Capítulo 167: A fuga de Irina
Irina foi até as grades. Queria tentar ver alguma coisa através delas. Tudo o que pôde enxergar foi um corredor escuro e vazio.
Checou as barras de ferro. Sólidas e bem fixadas ao chão e ao teto. Os espaços entre uma e outra eram pequenos, de modo que até um bebê teria dificuldades para passar.
E tinha aquele cadeado calibroso que selava a entrada da cela. Se ao menos Irina estivesse com alguma ferramenta… até um clipe de papel ajudaria! Mas não tinha nada.
As paredes estavam encardidas e tinham marcas de garras. Ela inspecionou uma dessas marcas. Parecia ter sido feita por algum animal de grande porte. Um predador, com certeza.
Nenhuma lâmpada. A pouca iluminação vinha do corredor.
O sequestrador teve o cuidado de não deixar nada que pudesse ser usado por ela.
— Droga! Droga!
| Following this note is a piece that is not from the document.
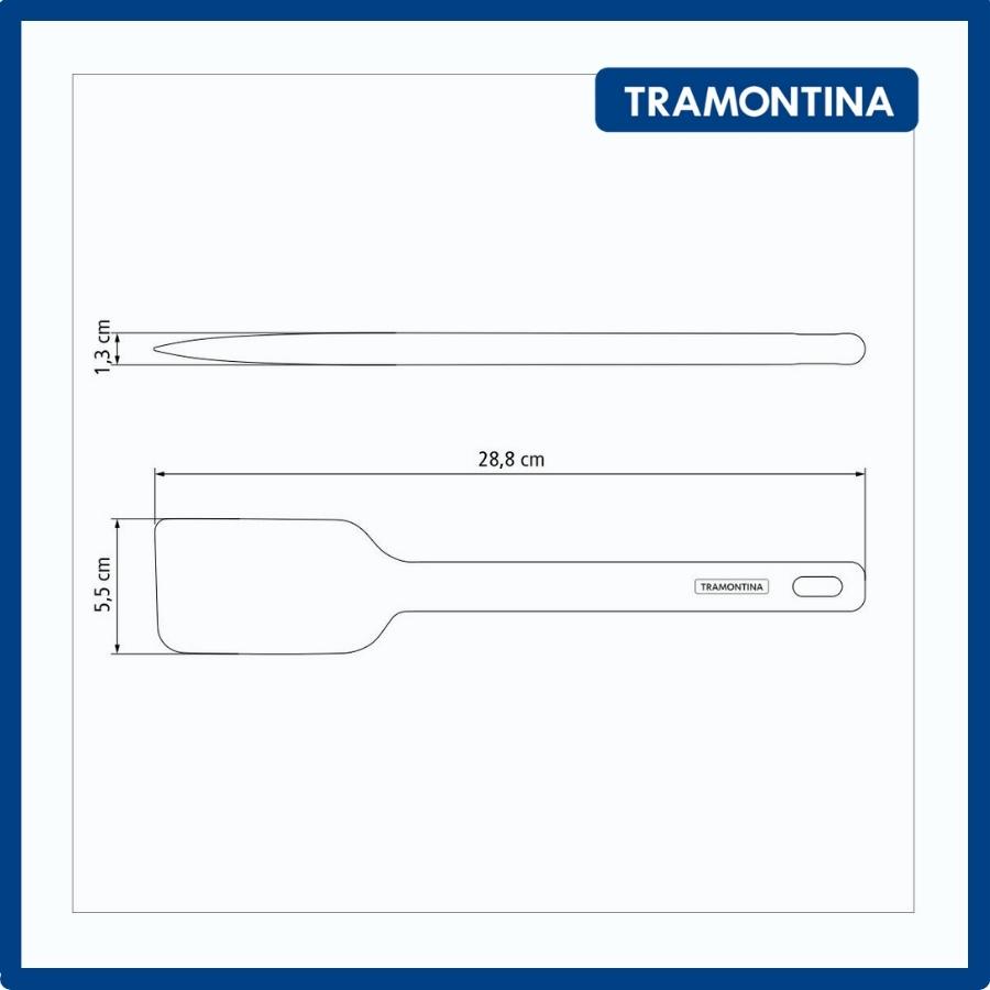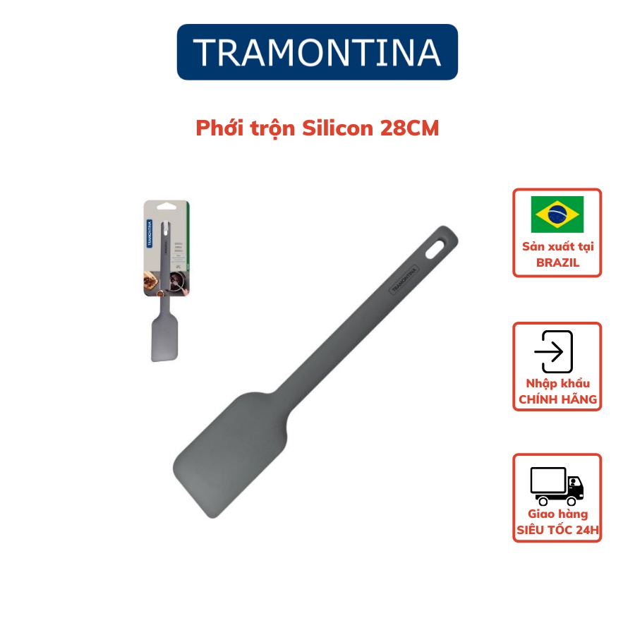Phới trộn Silicon Tramontina MOLDE 28cm cao cấp chịu nhiệt nhâp khẩu chính hãng BrazilTramontina là thương hiệu gia dụng hàng đầu của đất nước Brazil với lịch sử hình thành và phát triển hơn 100 năm. Hiện nay các sản phẩm thuộc thương hiệu Tramontina đã có mặt tại hơn 120 quốc gia với các mặt hàng đa dạng từ đồ gia dụng, tiện ích nhà bếp, đồ nội thất bằng gỗ và nhựa, dụng cụ nông nghiệp và làm vườn, đến dụng cụ bảo trì xây dựng, công nghiệp và ô tô…

Mas que merda! — Ela socou a parede, com a frustração entalada na garganta.
Não havia nenhuma falha visível que pudesse ser explorada.
Sem suas armas, seu relógio e o restante do equipamento, estava indefesa.
Respirou fundo. Precisava manter a calma. Não era a primeira vez que ficava nesse tipo de situação. Nenhuma prisão é perfeita! Sempre há uma rota de fuga. Ela só precisava encontrar.
Sua barriga reclamou. Fazia quanto tempo que ela não comia? Pensando bem, tinha acabado de comer quando seguiu Renato, mas já estava com fome, o que indicava que ela estava presa há pelo menos algumas boas horas. Talvez já fosse até outro dia.
— Droga! — Essa falta de informação era uma das piores coisas de toda essa situação.
“Se eles me prenderam, é porque não querem me matar. Pelo menos por enquanto. Então…”
Então em algum momento vão precisar trazer comida. Sempre haveria uma falha humana para ser explorada.
Se perguntou se eles entregariam a comida através das grades ou havia alguma outra forma. Talvez houvesse alguma abertura no teto.
Ela olhou para cima.
Se conseguisse subir…
— Renato…
Ela viu aquela garota atirar nele. A preocupação apertou seu peito. Se seu irmão morresse, ela não deixaria barato! Procuraria os responsáveis e os mataria com requintes de crueldade!
Limpou a lágrima que tentou brotar num dos olhos. Não era hora de chorar, mas de procurar uma solução!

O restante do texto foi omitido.